Human choices influence almost every aspect of AI, from curating datasets to labeling training data. This creates a particularly complex hurdle for computer scientists: how to stop human biases making their way into AI systems, with potentially harmful results.
The stakes are high. With AI now used to make weighty decisions in banking, hiring and law enforcement, it can help decide, for instance, who gets a bank loan, job interview or parole. Enter Aida Mostafazadeh Davani, a USC computer science Ph.D. student, whose work focuses on computational social sciences and the ethics of AI.
Advised by Morteza Deghani, an associate professor of psychology and computer science, Davani is part of USC’s Computational Social Sciences Laboratory, where researchers and students come together to apply computer science methods to problems related to human behavior and psychology.
When AI learns social stereotypes
One area where bias can creep in is hate speech detection—the automated task of determining if a piece of text contains hate speech, especially on social media. In particular, these biases are often based on stereotypes: the fixed, overgeneralized ideas we have about a particular type of person or thing.
If humans training AI identify hate speech based on social stereotypes, the thinking goes, then the AI will ultimately do the same. This can determine, for instance, which tweets go viral and which get removed.
In a recent paper, presented at the virtual CogSci 2020 conference Aug. 1, Davani and her co-authors found that hate speech classifiers did indeed learn human-like social stereotypes.
Specifically, the team analyzed the data in relation to the stereotype content model (SCM), a social psychology theory, which hypothesizes that all group stereotypes and interpersonal impressions form along two dimensions: warmth and competence.
“The data that’s out there is the result of biases that already exist in our society.” Aida Mostafazadeh Davani
In this case, the researchers determined that people are less likely to label text as hate speech when the groups referred to are perceived as highly competent, but less warm. Conversely, they are more likely to label text as hate speech when the group is perceived as warm, but less competent. Two categories people tend to stereotype as warmer but less competent? Women and immigrants.
Identifying this type of bias is important because, to make AI systems fair, we have to first be aware of the bias’s existence—and identifying this requires the expertise of psychologists and computer scientists working together.
“The data that’s out there is the result of biases that already exist in our society,” said Davani. “Some people think we can use machine learning to find biases in the system, but I don’t think it’s that easy. We first have to know these biases exist. That’s why, in our lab, we focus on identifying this type of bias in society, and then connecting it to how the model becomes biased as a result.”
Under-reporting of hate crimes
Originally from Iran, where she earned a master’s degree in computer software engineering from the Sharif University of Technology in Tehran, fairness and equity are at the heart of Davani’s work.
“At a certain point in your education, I think you ask yourself: how will the work I’m doing impact society?” said Davani.
“Right now, machine learning is being used in many applications and people trust it, but if you have the knowledge to look deeper and see if it is doing harm, I think that is more important than just trying to make the models more accurate. You want to figure out who is being hurt, not just look at people as data points.”
In her previous work, Davani and her colleagues examined the issue of under-reported hate crimes in the U.S. using computational methods. Hate crime in the U.S remain vastly under-reported—by victims, law enforcement and local press.
For instance, in 2017, agencies as large as the Miami Police Department reported zero incidents of hate. This “seems unrealistic,” wrote Davani and her co-authors in the paper, published in Empirical Methods in Natural Language Processing (EMNLP).
In addition, there are no official reports from a large number of US cities regarding incidents of hate. To address this issue, Davani and her co-authors used event extraction methods and machine learning to analyze news articles and predict instances of hate crime.
“You want to figure out who is being hurt, not just look at people as data points.” Aida Mostafazadeh Davani
Then, they used this model to detect instances of hate crimes in cities for which the FBI lacks statistics. Comparing the model’s predictions to the FBI reports, they were able to establish that incidents of hate are under-reported compared to other types of crime in the local press.
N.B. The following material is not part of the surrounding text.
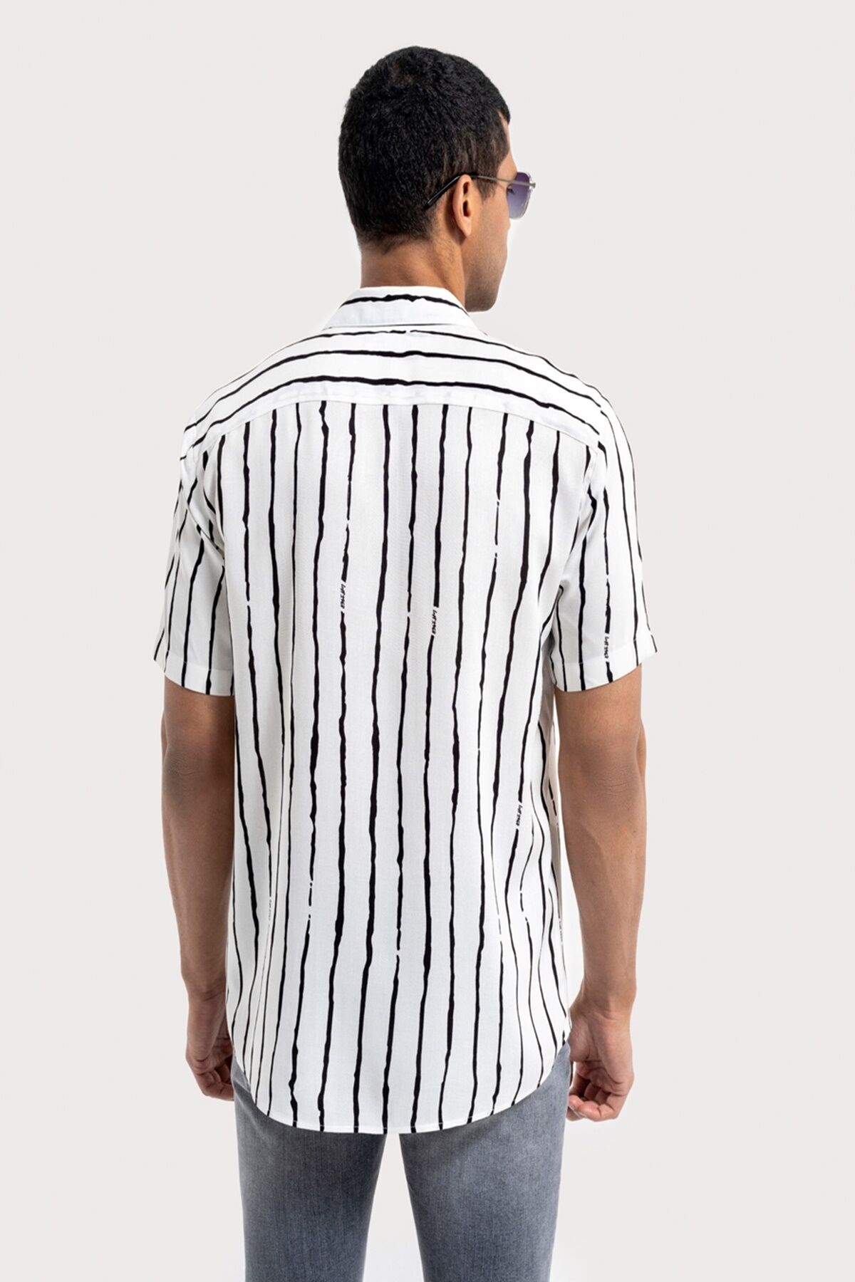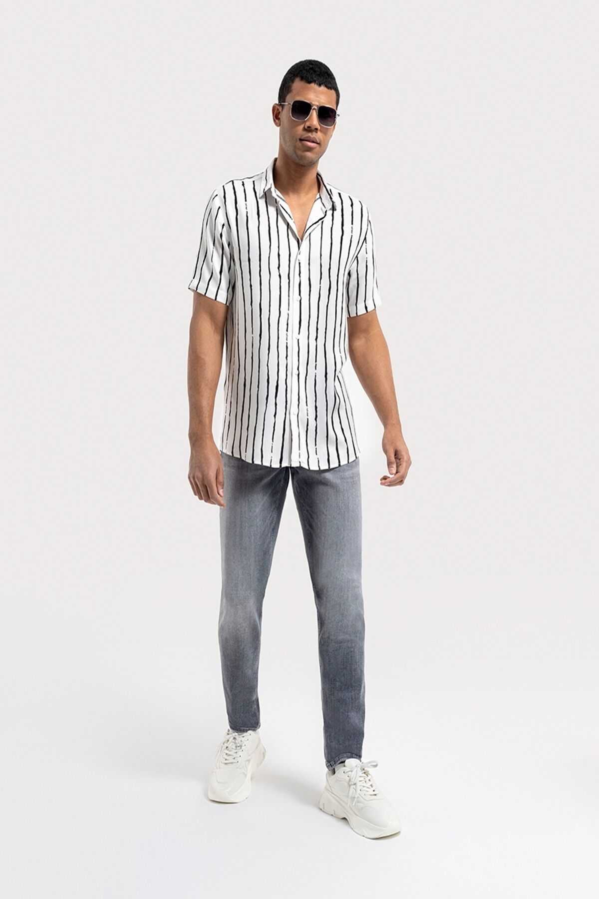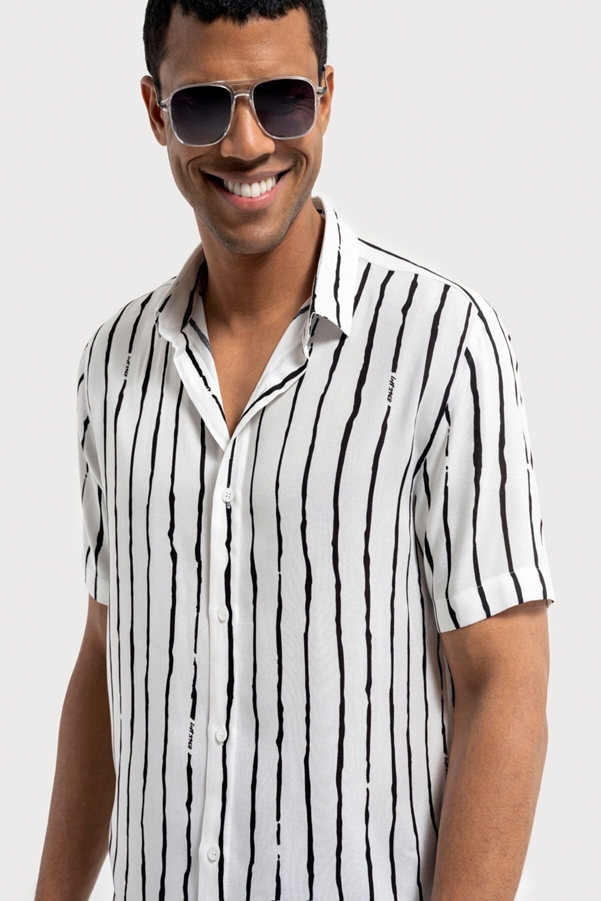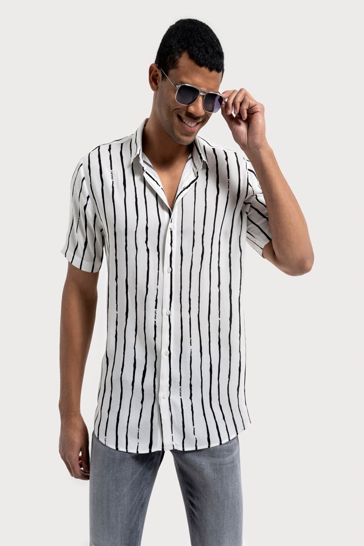 Loft 2035179 Beyaz Erkek Relax Fit Açık Yaka Önü Düğmeli Rahat Kesim Siyah Çizgili %100 Viskoz Kısa Kol Gömlek

Using event detection methods in conjunction with local news articles, they were then able to provide conservative estimates of the occurrence of hate crimes in cities with no official representation. The researchers state the models’ predictions are lower bound estimates—in other words, the real number is probably even higher.
A possible application of this method is creating a real-time hate crime detector based on online local news agencies, providing researchers and community workers with estimated number of hate crimes where statistics do not exist.
In her future work, Davani plans to continue to design approaches to reduce social group bias in machine learning to support the fair treatment of groups and individuals, which requires an understanding of social stereotypes and social hierarchies.
As her supervisor, Dehghani said he look forward to seeing Davani make waves in the field.
“Aida is a brilliant computer scientist and, at the same time, can fully engage and understand social scientific theories,” he said. “She is well on her way to becoming a star in the field of fairness in AI.”